“So you think we should do nothing at all?” asked Loaf, clearly disgusted.
“Oh, I think we should get the jewel, if we can-I liked it when you called me your second-story boy. I just think we shouldn’t forget that anything we do is going to be dangerous.”
“I’m a soldier, son, I know what danger is a lot better than you do.”
Umbo stood up.
“Get back into the water and scrub again.”
“I’m as clean as my body knows how to get,” said Umbo. “And in case you didn’t notice, you’re not my father and I don’t want one.”
“Then get some less-filthy clothes on and go call for my bathwater, if that ugly smart-mouthed girl can be bothered to carry it up. And then while I’m washing, go find out about where to get our laundry done.”

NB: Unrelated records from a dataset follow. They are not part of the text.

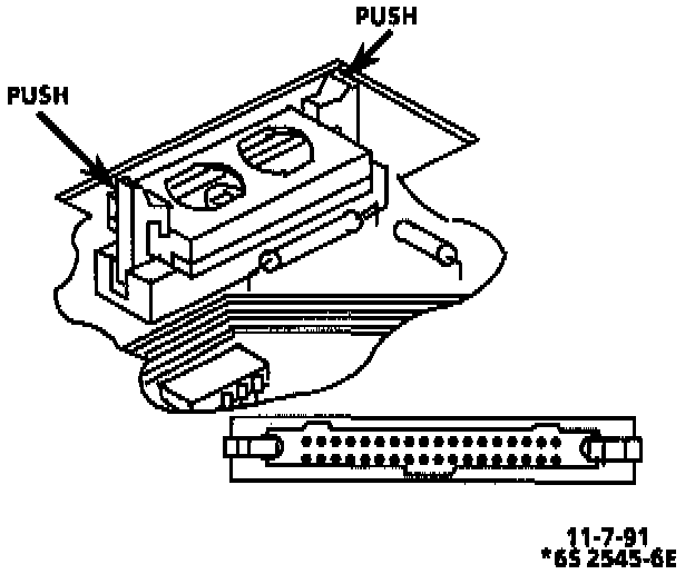 Gently press down on the ends of the EPROM until the clips are against the sides of the EPROM. DO NOT press on the ends of the EPROM until the clips snap into place or the controller circuit board and/or clips may be damaged. Press inward on the clips until they snap into place.
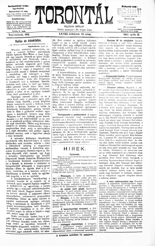 Torontál, 28. évf. 1899. április 10. 81. sz.
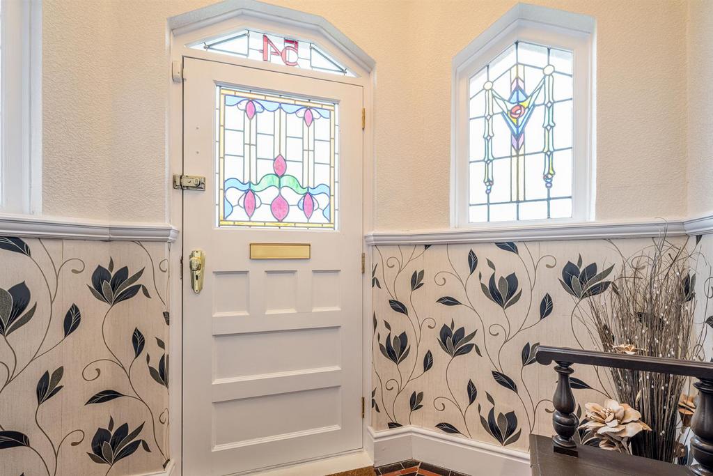 Porch - With feature stained glass door leading from the front of the property, quarry tiled floor, dado rail and further stained glass windows and door leading to entrance hall.
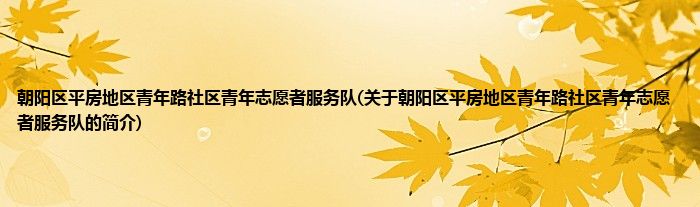 1、 朝阳区平房地区青年路社区青年志愿者服务队是由朝阳区平房地区青年志愿者服务队领导下的志愿团体。
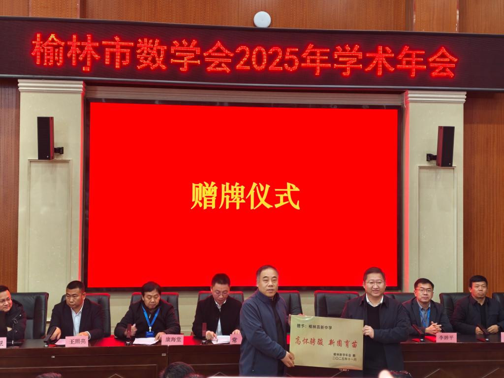 年会主题鲜明、内容丰富、组织严密、成果丰硕,是一次有高度、有深度、有温度的学术盛会,完成所有既定议程,年会顺利闭幕。榆林市数学会副理事长、榆林中学副校长常伟致闭幕词,学会理事长为本届年会的承办方榆林高新中学赠牌感谢,会议确定2026年榆林市数学会学术年会由神木市第四中学承办,两所学校完成会旗交接仪式。

“I’ll do it if you say please.”
“How about if I don’t smack you six ways from Tuesday?”
“Wow,” said Umbo. “That was almost as nice as a tip.”
CHAPTER 20
What Knosso Knew All nineteen ships were now in a distant orbit around Garden. It was a beautiful world, with the blues, whites, and browns of Earth, but surrounded by a single dazzling ring. On its surface there was life in such profusion that the green of chlorophyll was not just visible but dominant in many places on the continents.
The original plan-much of which Ram had not been shown until now-called for the initial landing party to consist of a dozen scientists and a couple of sharpshooters, in case any of the local animals mistook humans for prey. Ram was supposed to have remained in the ship.
The expendables suggested that only they should visit the planet’s surface. They would spend several years doing extensive recording and sampling; they assumed Ram could enter stasis and not awaken again for nearly two centuries, until the extinction event was over and Earth biota had been fully established.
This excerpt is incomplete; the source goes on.